Temple Town Primitive Methodist chapel

South Shields circuit

The opening of Temple Town chapel is described in the Primitive Methodist magazine by William Eckersall:

TEMPLE TOWN CHAPEL.

Temple Town is the west part of South Shields, where we have had a preaching station and a society for a number of years. But from the want of a suitable place of worship, we have not reaped fruit to that extent which we ought to have done. On one occasion, a society of upwards of one hundred members was broken up by being expelled their preaching-room.

Under the superintendency of Mr. North, the station was visited with a remarkable outpouring of the Holy Ghost; believers were quickened, sinners awakened, backsliders reclaimed, and the society greatly increased; so that the preaching place became too small. Arrangements were entered into for to build a new one. The society were called together, the case was laid before them, their help was requested, and they nobly responded; for, in a few minutes, upwards of forty pounds was pledged by the working men of which this society is composed: and in a few months it was nearly all paid into the hands of the treasurer.
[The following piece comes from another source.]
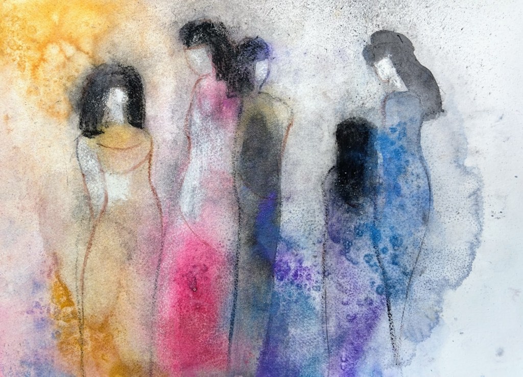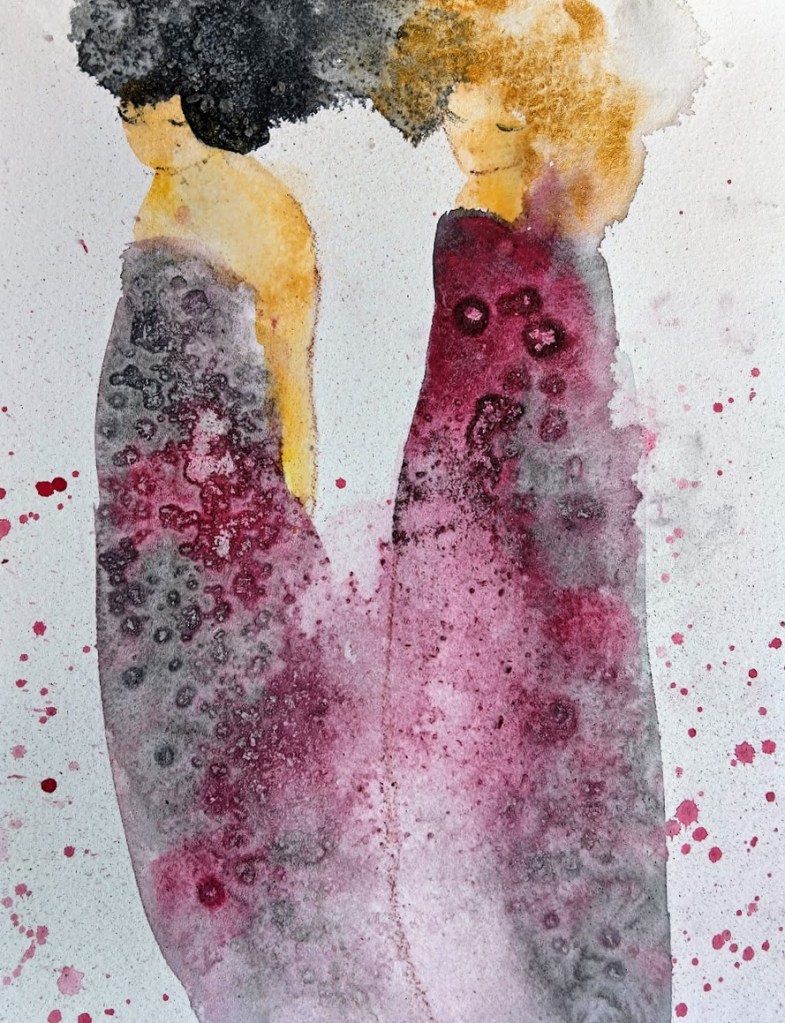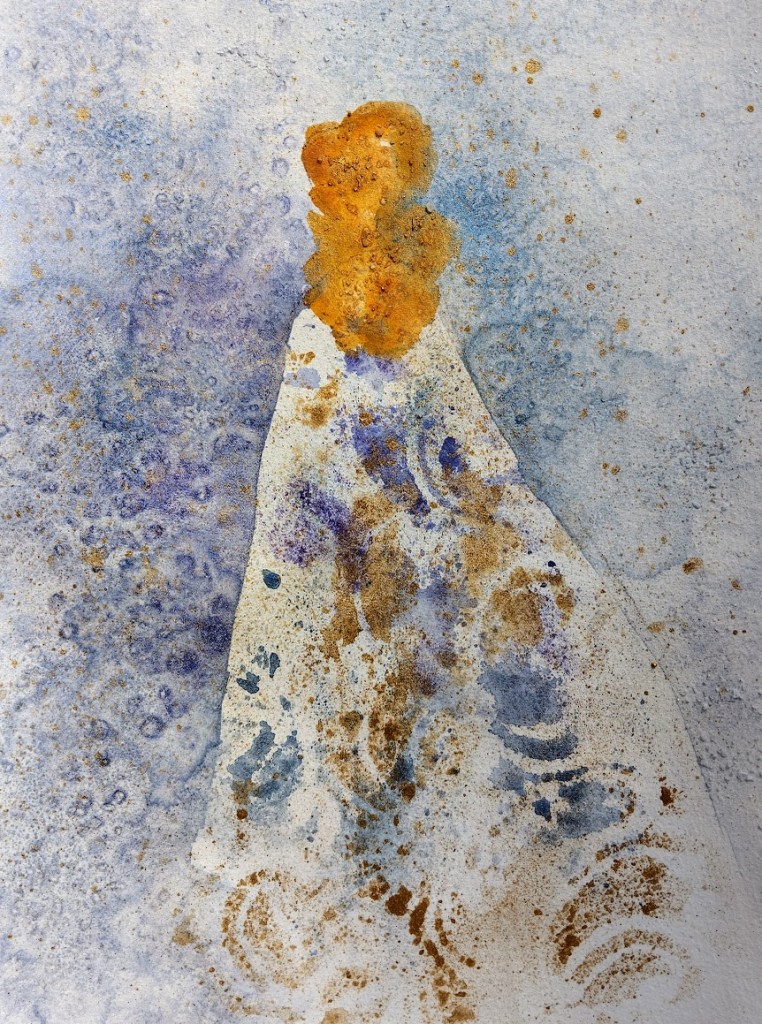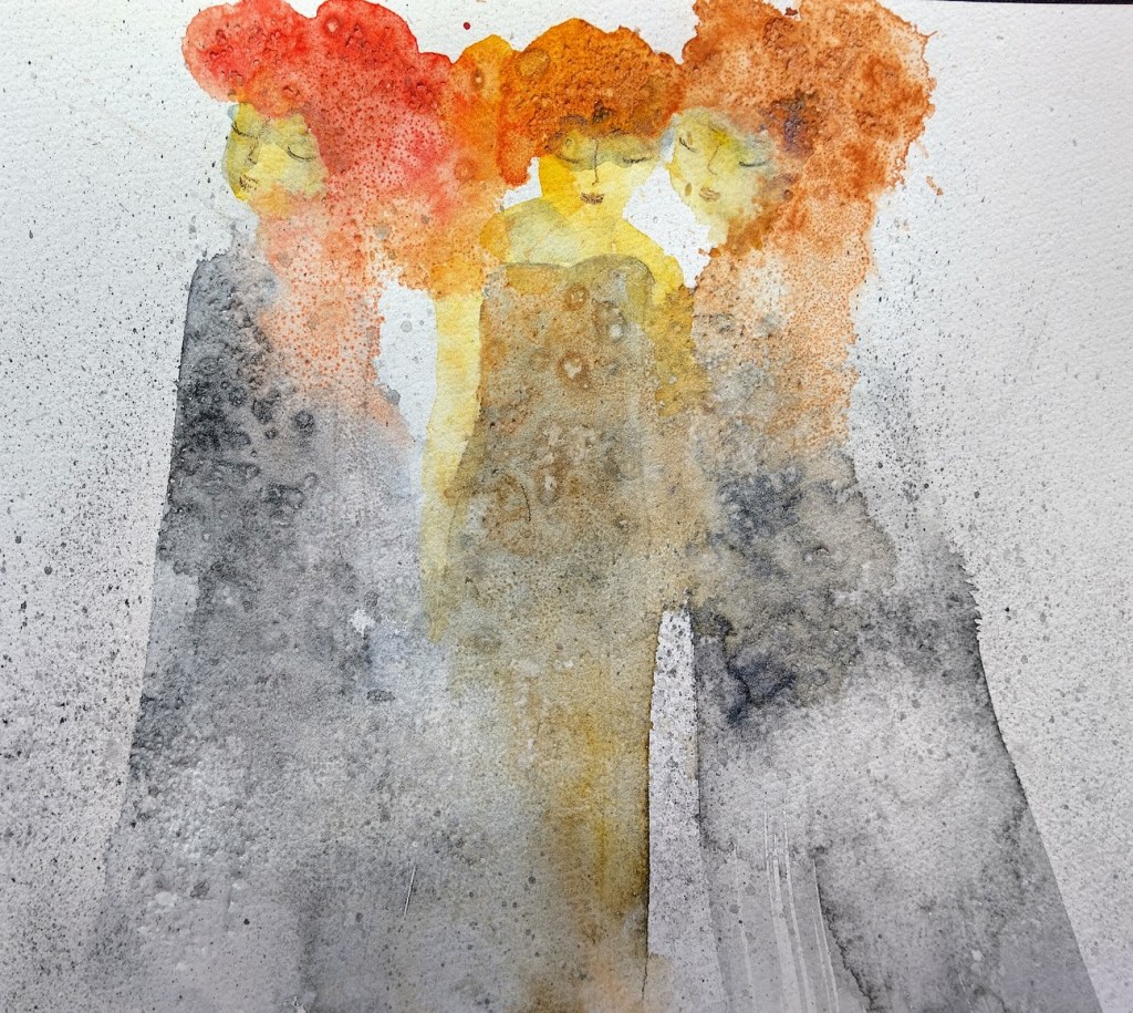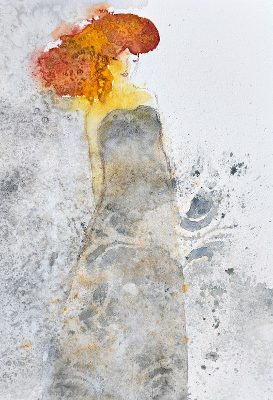 Olen jatkanut kollaasihulluttelun jälkeen akvarellien maalaamista. Koska olen viikon yksin ilman ruokavierasta (siis siskoa), levittäydyin keittiön pöydän ääreen. Tarvikkeet ovat sopivasti esillä, jotta voin maalata ohuita kerroksia ja laittaa kosteat työt kuivumaan parvekkeelle. Aurinko ja tuuli ovat oivia vauhdittajia.
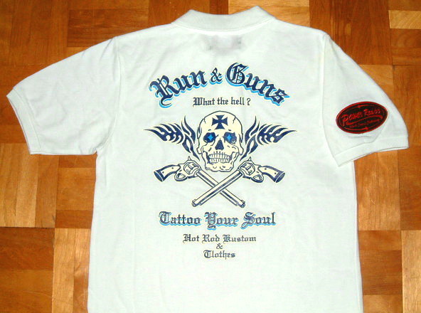 > 新品 Run&Guns バイカー仕様 100%コットン 肉厚 カノコ生地 スカル柄 半袖 ポロシャツ (Lサイズ/白) 鹿の子 ホットロッド パワーロッド66

The chapel was commenced and finished without any accident occurring.

It was opened on Christmas-day, and the two following sabbaths. The proceeds of these services was the noble sum of twenty-two pounds. It will seat four hundred persons; it cost upwards of three hundred pounds. The seats let well. The debt upon it is two hundred pounds. The Golden system was introduced at the opening services, and fifty pounds pledged for the next anniversary.

Temple Town reappears in the Primitive Methodist magazine in 1859 when a new chapel was opened; the previous one which held 300 was not big enough. The foundation stone was laid by R Wallis on August 1st 1859 and opening services from 24th December 1859. The freehold site, secured from James Young, Esq., J.P., was at the west end of South Shields but contained a ballast hill which had to be removed; the members provided the labour. The new chapel held 600 with room for a further 400 children in the school.

R. Ingham, Esq., M.P.,”spoke of the power of the principle of self-reliance, of which the chapel and schoolroom furnished a beautiful illustration, for they had been erected by a few self-reliant working men, without State patronage or State support.”

Opening celebrations included tea for 900, which must have taken some organising.

Speakers included Rev. W. Sanderson (Kirton Lindsey), J. Weatheral (Wesleyan), R. Ingham, Esq., M.P., Rev. J. A.Bastow (Alston), Rev. R. Fenwick, Mr. Bastow, J. Williamson Esq., Mayor, Rev. J. W. Williamson (New Connexion) , Rev.J. P. Haswell (Wesleyan).

I don’t know exactly where the chapel was, when it closed, or what happened to the building.  The huge and impressive chapel in Laygate Lane possibly replaced it.


Reference

Primitive Methodist magazine June 1841 pages 208-9

Primitive Methodist magazine May 1860 pages 299-300

Downloads
Primitive Methodist magazine 1841 p208-9 transcribed by David Tonks

Comments about this page

  • Thanks Richard.  On this site Comments do not let you upload a picture, but if you send it to enquiries@engleseabrook.org.uk we can add it.

    By Christopher Hill (09/08/2018)
  • The chapel at Templetown, was also known as Corstophine Town PM Chapel, located on the same stretch of road, but further towards the centre of South Shields itself.  We have a picture of it which I shall try and upload. Sadly, I cannot give you any more information about it other than I believe it closed in 1881

    Newcastle District Archivist

    By Richard Jennings (08/08/2018)
  • A further piece of the jigsaw of Temple Town Primitive Methodist chapel comes in the 1860 Primitive Methodist magazine.  The comment from R. Ingham, Esq. M.P. is illuminative: he “spoke of the power of the principle of self-reliance, of which the chapel and schoolroom furnished a beautiful illustration, for they had been erected by a few self-reliant working men, without State patronage or State support.”